Die α-Zellen mit ihren großen, runden, dichten sekretorischen Granula sind den α-Zellen anderer Spezies recht ähnlich. Obwohl die Granula der α-Zellen in ihrer Größe stark variieren, scheinen die meisten Zellen ein Sortiment unterschiedlich großer Granula zu besitzen, was eine Unterklassifizierung dieses Zelltyps, wie sie für andere Arten vorgeschlagen wurde, ausschließt. Bisher wurden keine physiologischen Daten veröffentlicht, die die Existenz der „δ-Zelle“ in der Pankreasinsel der Fische belegen. Die verschiedenen Protagonisten haben die Existenz der δ-Zellen mit Daten untermauert, die auf lichtmikroskopischen Untersuchungen von kapriziösem Silber, Phosphorwolframsäure-Hämatoxylin und anderen Körnchenfärbungen oder elektronenmikroskopischen Untersuchungen von schlecht erhaltenen Geweben beruhen. Die hier vorgestellten mikroskopischen Aufnahmen stützen die von Bloom 1931 und später von Gomori 1941 vertretene Ansicht, dass δ-Zellen modifizierte α-Zellen darstellen könnten.
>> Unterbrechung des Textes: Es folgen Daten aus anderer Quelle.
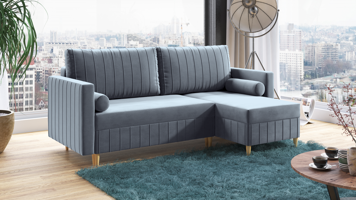 FRONTI Rohová rozkládací sedačka AIDEN světlemodrá - MONOLITH 70 9471

Der Übergang vom typischen α-Granulum mit inneren dichten und äußeren weniger dichten Abschnitten zu einem δ-Granulum von etwa gleicher Größe mit einheitlicher, aber verringerter Dichte geht häufig mit einem allmählichen Verlust der morphologischen Integrität oder der Färbeintensität der Mitochondrien, des Golgi-Komplexes und der membranösen Komponenten des granulären endoplasmatischen Retikulums einher. Die intakten und lebensfähig erscheinenden Zellkerne sowie die geringe Anzahl freier Ribosomen und Ceroidkörperchen deuten darauf hin, dass die so genannten δ-Zellen auch im vermuteten Endstadium dieses Übergangs lebensfähig sind, d. h. wenn die sekretorischen Granula selbst nicht mehr sichtbar sind und alle zytoplasmatischen Organellen außer Ceroidkörnern und Ribosomen fehlen. In Ermangelung physiologischer Daten, die den δ-Zellen eine Funktion zuweisen, und in Ermangelung zwingenderer morphologischer Beweise für einen separaten Zelltyp hofft man, dass die hier dargelegte Darstellung eines wahrscheinlichen Übergangs von α-Zellen zu δ-Zellen als die wahrscheinlichste Erklärung für die dritte granuläre Zelle von Bloom beim Menschen akzeptiert wird. Die Bedeutung dieser lebensfähigen, aber veränderten α-Zellen ist nicht bekannt. Obwohl α- und β-Zellen einzeln oder in kleinen Clustern in den Azini und Gängen vorkommen können, wurden in keiner der vier untersuchten Pankreasproben Zwischenformen zwischen Azinus- und Inselzellen bzw. Gang- und Inselzellen gesehen, wie von Nakamura und Yokote (4) vorgeschlagen worden war.
Interessenkonflikt
Die Autoren erklären, dass es keinen Interessenkonflikt in Bezug auf die Veröffentlichung dieser Arbeit gibt.
Dankbarkeit
L. A. Romano erhielt Produktivitätsforschungsstipendien vom brasilianischen Forschungsrat CNPq (Prozess Nr. PQ 301002/2012-6).